何雅婷,居超明,陈建国
(湖北大学生命科学学院,湖北 武汉 430062)
水稻(Oryzasativa)是最重要的粮食作物之一,是世界一半以上人口的主要食物来源[1].由于人口增长的压力越来越大,再加上生物和非生物胁迫导致的作物减产,迫切需要采用可持续战略来改善粮食供应[2-4].持绿(stay-green)性状的利用是克服当前作物产量瓶颈的一种重要策略,同时还可以提高品种的适应性和稳定性[5].持绿性是指模式植物和作物物种中叶片衰老延迟的可遗传的特征[6].在作物中,持绿性使植株能够保持绿色并在非生物胁迫下继续进行光合作用[7].持绿性与叶肉细胞的抗氧化状态和光系统II有关[8].在许多谷类作物中,持绿植株通常具有较高的叶绿素含量并且在籽粒灌浆期间对非生物胁迫更具耐受性.在高粱中观察到,在水分胁迫条件下的籽粒灌浆期间,具有这种性状的基因型比缺乏它的基因型保持更多的光合活性叶面积[9].由于水分胁迫,同化作用受限,持绿性在小麦籽粒灌浆期也起着重要作用[10].因此,研究水稻持绿性对作物改良具有重大意义.
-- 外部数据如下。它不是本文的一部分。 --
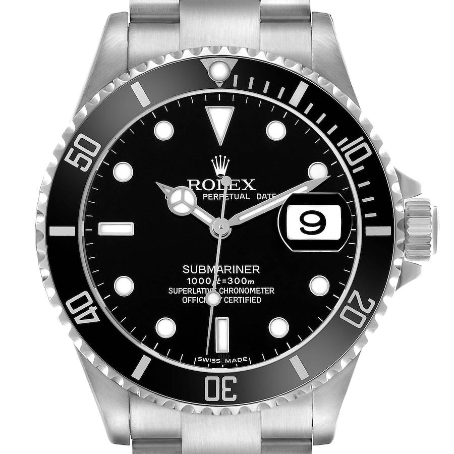 Rolex Submariner Date Steel Black Bezel Mens Watch 16610. Officially certified chronometer automatic self-winding movement. Stainless steel oyster case 40.0 mm in diameter. Pointed crown guards. Rolex logo on the crown. Black unidirectional rotating time-lapse bezel engraved with 60-minute graduation. Scratch-resistant sapphire crystal with a cyclops magnifier. Black dial with luminescent Mercedes hands and dot hour markers. Date calendar at the 3 o'clock aperture. Outer stick minute markers. Stainless steel oyster bracelet with a flip-lock clasp. Fits a 7 1/4" wrist.

whirly 1最初发现是参与水杨酸依赖性病原体应答(pathogen response,PR)基因表达的核转录因子[11],但后来的研究也在叶绿体中检测到whirly 1 蛋白[12].通过构建在叶绿体内能合成带有重组血凝素(HA)标签的whirly 1蛋白的转基因烟草证明了whirly 1能从叶绿体转移到细胞核[13].在拟南芥和大麦的叶绿体中,whirly 1被证明与转录活性染色质紧密相关,表明质体定位的whirly1主要在RNA代谢中起作用,而不是单纯作为DNA结合蛋白[14].此外,whirly 1被证明是玉米和拟南芥中质体核的最丰富的蛋白质之一[15].在拟南芥中,whirly 1是质体基因组稳定性所必需的[16],并且在大麦中发现它可以压缩核仁并调节质体DNA拷贝数[17].大麦中的whirly 1蛋白被鉴定为衰老相关基因HvS40的潜在调节因子[18].当植物在低光强度下生长时,野生型和RNAi-WHY1植物之间的衰老进程相似.同样,黑暗诱导的离体叶片的衰老不受whirly 1减少的影响.然而,当植物在高光强度下生长时,在野生型植物中过早诱导衰老,但在RNAi-WHY1植物中延迟.该结果表明,whirly 1在叶绿体和细胞核之间的光传感或应激通讯中起作用.干旱处理加速了野生型植物的叶片衰老,而RNAi-WHY1显示出持绿的表型.衰老相关基因和干旱胁迫响应基因的表达在转基因植物中被延迟[19].单链DNA结合蛋白whirly 1在拟南芥的叶片衰老过程中以发育阶段依赖性方式作为WRKY53的上游抑制剂起作用[20],WHY1突变体表现出早衰的表型.在该背景下,WRKY53和衰老相关蛋白酶基因SAG12的表达水平增加.whirly 1的双重定位使其成为研究在正常叶片发育和各种胁迫情况下将信号从叶绿体转导至细胞核的候选基因.本研究以籼稻品系金23B的cDNA为模板,克隆得到水稻whirly 1基因(OsWHY1)序列,对该基因进行了生物信息学分析.分别构建了OsWHY1过表达载体和干扰载体并成功转化农杆菌,为进一步研究该基因在水稻持绿性中的作用打下基础.
1.1 实验材料水稻品系金23B由本实验保存.选择生长健康的水稻叶片为材料,于-80 ℃保存.植物表达载体pU1300,PTCK303由本实验室保存.克隆载体pClone007 Blunt Vector和大肠杆菌DH5α感受态购自擎科生物技术公司.EasyTaq DNA Polymerase,T4 DNA连接酶购自全式金生物公司.Eastep Super总RNA提取试剂盒,GoScriptTM逆转录试剂盒购自Promega生物公司.普通琼脂糖凝胶DNA回收试剂盒,质粒小提试剂盒购自天根生化有限公司.BamHⅠ,SacⅠ,KpnⅠ,SpeⅠ购自诺唯赞生物公司.EHA105农杆菌感受态购自上海唯地生物技术有限公司.氨苄霉素,卡那霉素,利福平购自生工生物工程股份有限公司.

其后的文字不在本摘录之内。